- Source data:
────────────────

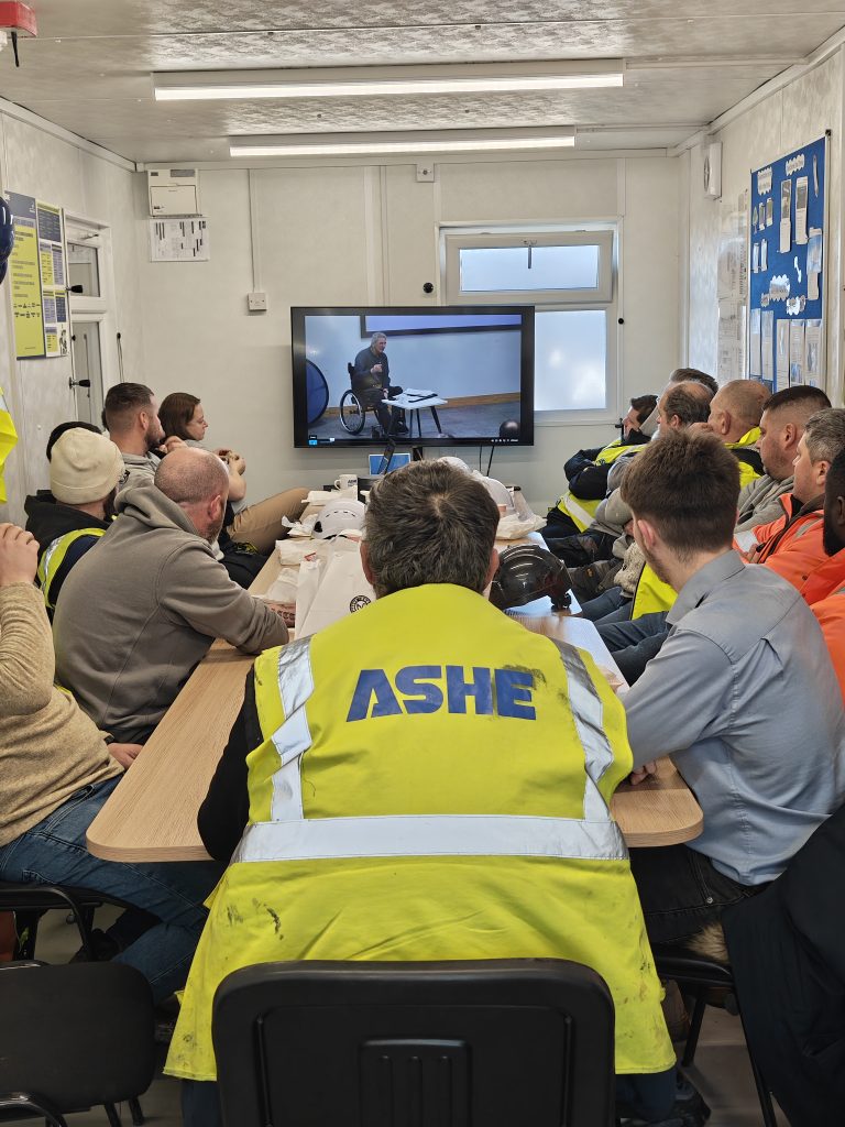 The Stand Down for Safety event saw all of Ashe Construction and Ashe Roofing’s sites stop work simultaneously for an hour to watch a hard-hitting safety talk by motivational speaker, Paul Blanchard. Paul spoke emotionally about a life-changing injury 15 years ago which left him paraplegic and wheelchair bound. Paul reminded everyone not to be complacent and explained that despite being an experienced builder and trained in health and safety, he made the fateful decision to work at height without assessing the risks and fell 12 feet. He described the toll his accident has taken on him and his family.
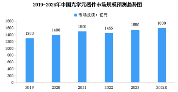 光學(xué)元器件被譽(yù)為人工智能、物聯(lián)網(wǎng)、數(shù)字經(jīng)濟(jì)等新興信息技術(shù)的“眼睛”。在宏觀環(huán)境及疫情影響下,2022年度光學(xué)元器件的主要應(yīng)用領(lǐng)域如消費(fèi)電子、安防監(jiān)控、工業(yè)制造等的市場需求下滑,光學(xué)元器件的整體市場規(guī)模近十年內(nèi)首次出現(xiàn)下滑。2022年度國內(nèi)光學(xué)鏡片、鏡頭及模組等元器件的市場規(guī)模為1455億元,同比下滑3%。2024年中國光學(xué)元器件市場規(guī)模將恢復(fù)至1600億元。
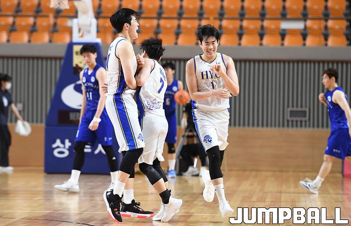 26일 경북 상주실내체육관에서 열린 제37회 MBC배 전국대학농구 상주대회 준준결승전으로 명지대와 한양대의 경기, 한양대 전준우가 동료들과 함께 환호하고 있다.
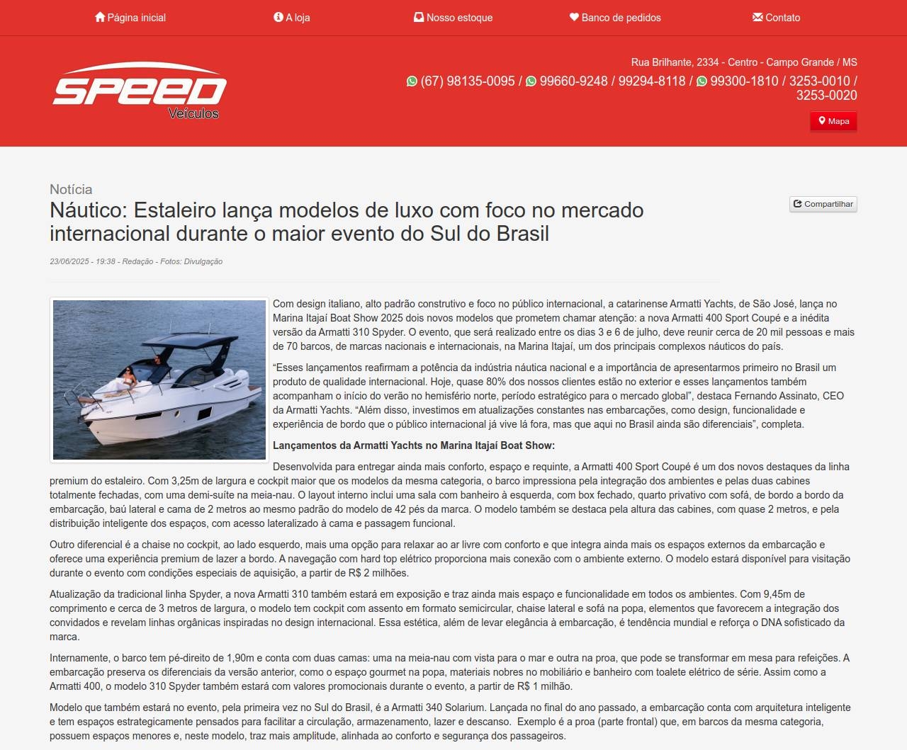 Notícia Náutico: Estaleiro lança modelos de luxo com foco no mercado internacional durante o maior evento do Sul do Brasil
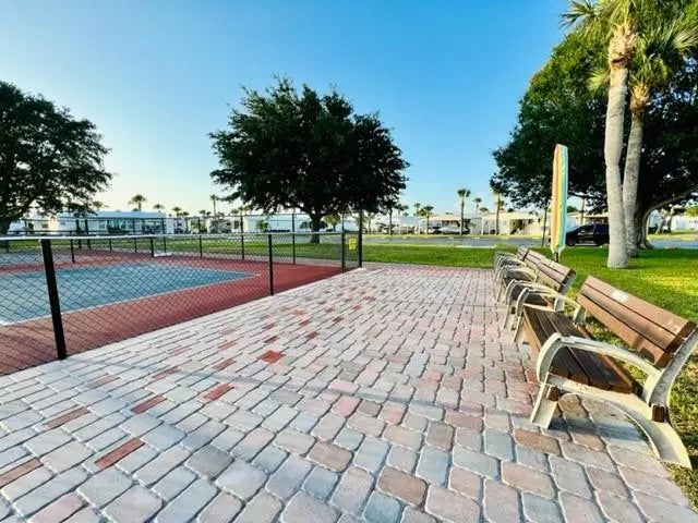 Welcome to Ancient Oaks RV Resort, a desirable 55+ gated community offering resort-style living and an active lifestyle. This cozy one-bedroom, one bath cottage-style home is move-in ready and comes fully furnished, making it ideal for seasonal or full-time living. The home has been tastefully updated and features a new AC (2025), newer refrigerator, and hurricane shutters for added peace of mind. Enjoy a comfortable and efficient layout that's easy to maintain and perfect for relaxing after a day of activities & fishing! Ancient Oaks offers world-famous fishing, a marina with boat ramp, heated pool, pickleball courts, billiards room, large clubhouse, and a full calendar of social events. Pet friendly community with pet parks. Affordable, low living in a friendly, active community. All measurements are approximate, must measure for exact.
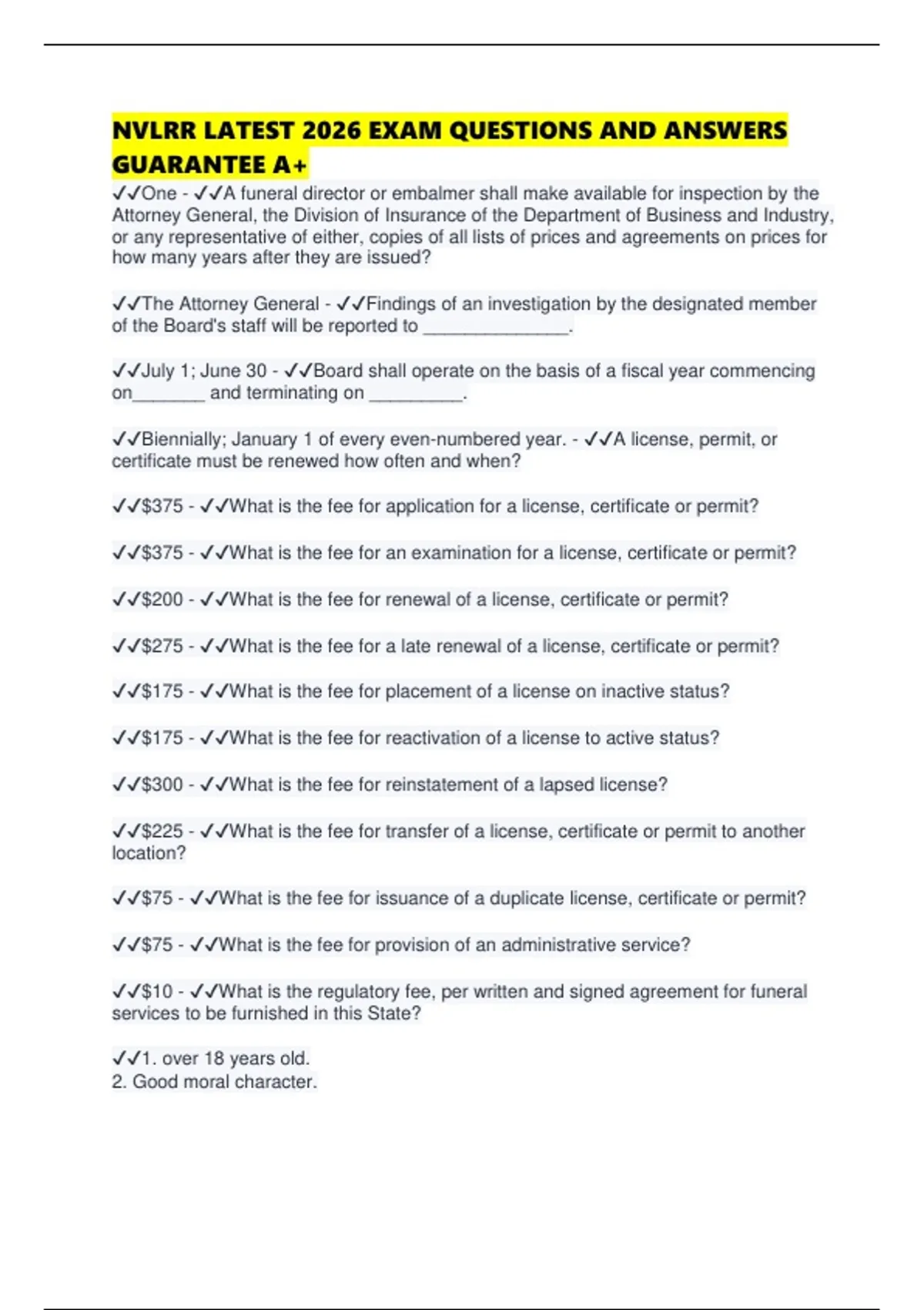 ✔✔$375 - ✔✔What is the fee for an examination for a license, certificate or permit?
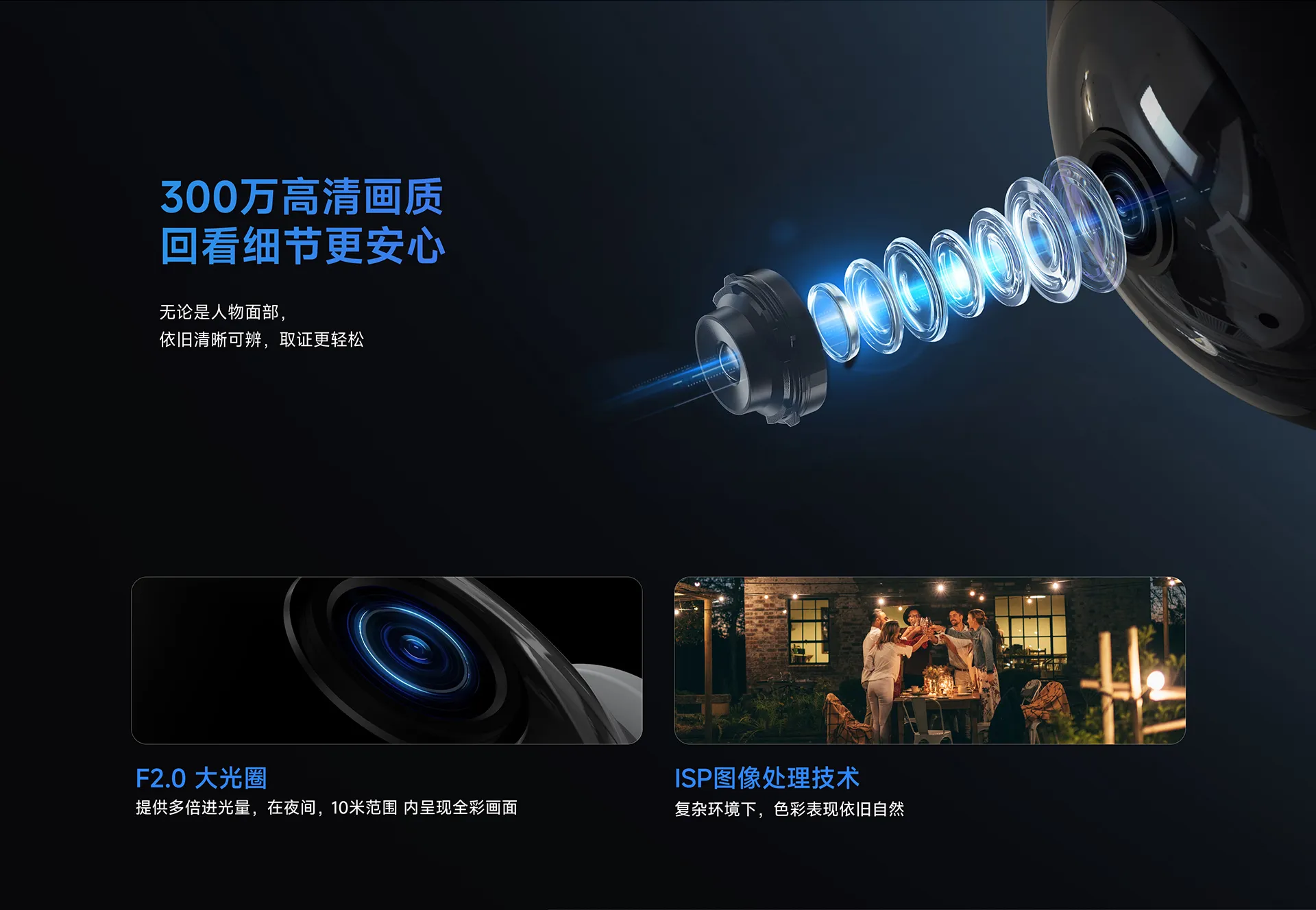 | ✮F2.0大光圈,多倍进光量,夜视更清晰 | ||
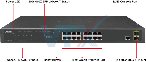 - 16 cổng RJ45 10/100/1000BASE-T + 2 slot 100/1000BASE-X SFP.

────────────────

Copy out the data exactly and keep the pictures out.

- COMPLETED TASK:
 The Stand Down for Safety event saw all of Ashe Construction and Ashe Roofing’s sites stop work simultaneously for an hour to watch a hard-hitting safety talk by motivational speaker, Paul Blanchard. Paul spoke emotionally about a life-changing injury 15 years ago which left him paraplegic and wheelchair bound. Paul reminded everyone not to be complacent and explained that despite being an experienced builder and trained in health and safety, he made the fateful decision to work at height without assessing the risks and fell 12 feet. He described the toll his accident has taken on him and his family.
 光學(xué)元器件被譽(yù)為人工智能、物聯(lián)網(wǎng)、數(shù)字經(jīng)濟(jì)等新興信息技術(shù)的“眼睛”。在宏觀環(huán)境及疫情影響下,2022年度光學(xué)元器件的主要應(yīng)用領(lǐng)域如消費(fèi)電子、安防監(jiān)控、工業(yè)制造等的市場需求下滑,光學(xué)元器件的整體市場規(guī)模近十年內(nèi)首次出現(xiàn)下滑。2022年度國內(nèi)光學(xué)鏡片、鏡頭及模組等元器件的市場規(guī)模為1455億元,同比下滑3%。2024年中國光學(xué)元器件市場規(guī)模將恢復(fù)至1600億元。
 26일 경북 상주실내체육관에서 열린 제37회 MBC배 전국대학농구 상주대회 준준결승전으로 명지대와 한양대의 경기, 한양대 전준우가 동료들과 함께 환호하고 있다.
 Notícia Náutico: Estaleiro lança modelos de luxo com foco no mercado internacional durante o maior evento do Sul do Brasil
 Welcome to Ancient Oaks RV Resort, a desirable 55+ gated community offering resort-style living and an active lifestyle. This cozy one-bedroom, one bath cottage-style home is move-in ready and comes fully furnished, making it ideal for seasonal or full-time living. The home has been tastefully updated and features a new AC (2025), newer refrigerator, and hurricane shutters for added peace of mind. Enjoy a comfortable and efficient layout that's easy to maintain and perfect for relaxing after a day of activities & fishing! Ancient Oaks offers world-famous fishing, a marina with boat ramp, heated pool, pickleball courts, billiards room, large clubhouse, and a full calendar of social events. Pet friendly community with pet parks. Affordable, low living in a friendly, active community. All measurements are approximate, must measure for exact.
 ✔✔$375 - ✔✔What is the fee for an examination for a license, certificate or permit?
 | ✮F2.0大光圈,多倍进光量,夜视更清晰 | ||
 - 16 cổng RJ45 10/100/1000BASE-T + 2 slot 100/1000BASE-X SFP.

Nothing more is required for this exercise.